Assignment: Repeat the records below exactly, leaving out every picture.

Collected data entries
======

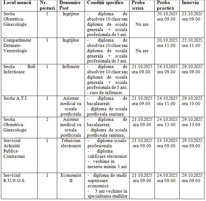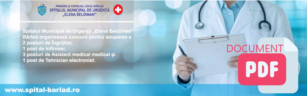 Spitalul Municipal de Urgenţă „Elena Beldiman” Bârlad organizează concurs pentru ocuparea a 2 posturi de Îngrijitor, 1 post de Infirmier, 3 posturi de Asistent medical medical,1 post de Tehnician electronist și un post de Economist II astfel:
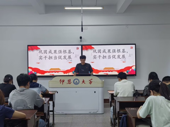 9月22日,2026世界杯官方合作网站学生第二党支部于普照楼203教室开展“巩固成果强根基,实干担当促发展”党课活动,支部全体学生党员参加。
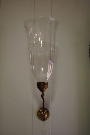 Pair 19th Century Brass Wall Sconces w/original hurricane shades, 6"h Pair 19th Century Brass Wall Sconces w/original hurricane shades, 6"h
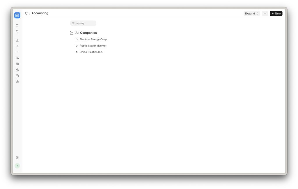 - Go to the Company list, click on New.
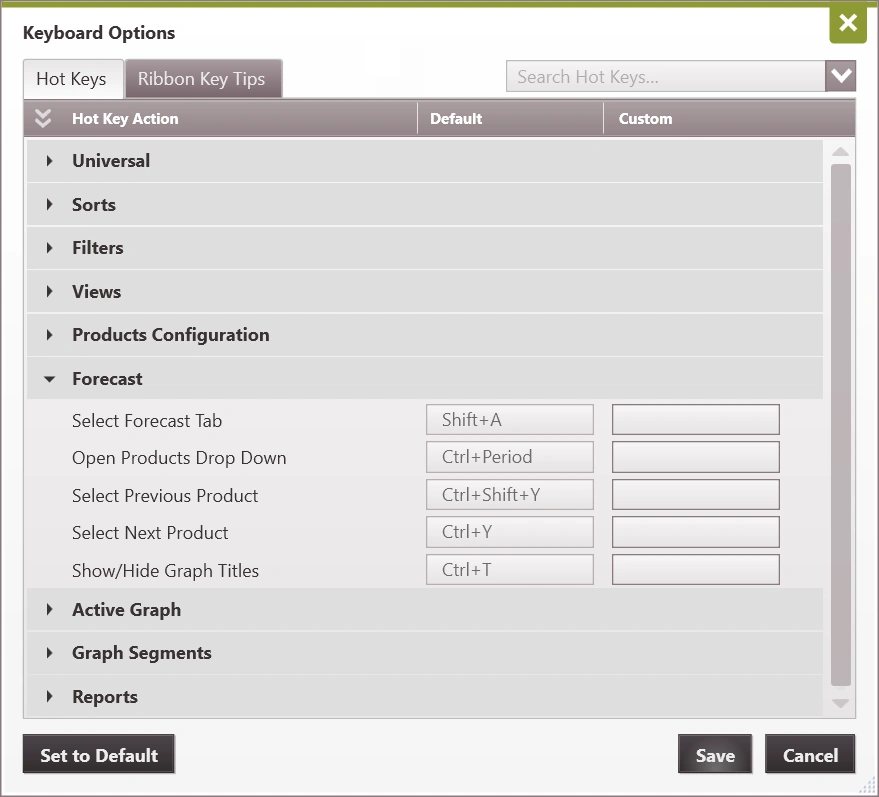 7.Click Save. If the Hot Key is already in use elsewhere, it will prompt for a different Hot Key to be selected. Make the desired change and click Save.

======

Response area:
 Spitalul Municipal de Urgenţă „Elena Beldiman” Bârlad organizează concurs pentru ocuparea a 2 posturi de Îngrijitor, 1 post de Infirmier, 3 posturi de Asistent medical medical,1 post de Tehnician electronist și un post de Economist II astfel:
 9月22日,2026世界杯官方合作网站学生第二党支部于普照楼203教室开展“巩固成果强根基,实干担当促发展”党课活动,支部全体学生党员参加。
 Pair 19th Century Brass Wall Sconces w/original hurricane shades, 6"h Pair 19th Century Brass Wall Sconces w/original hurricane shades, 6"h
 - Go to the Company list, click on New.
 7.Click Save. If the Hot Key is already in use elsewhere, it will prompt for a different Hot Key to be selected. Make the desired change and click Save.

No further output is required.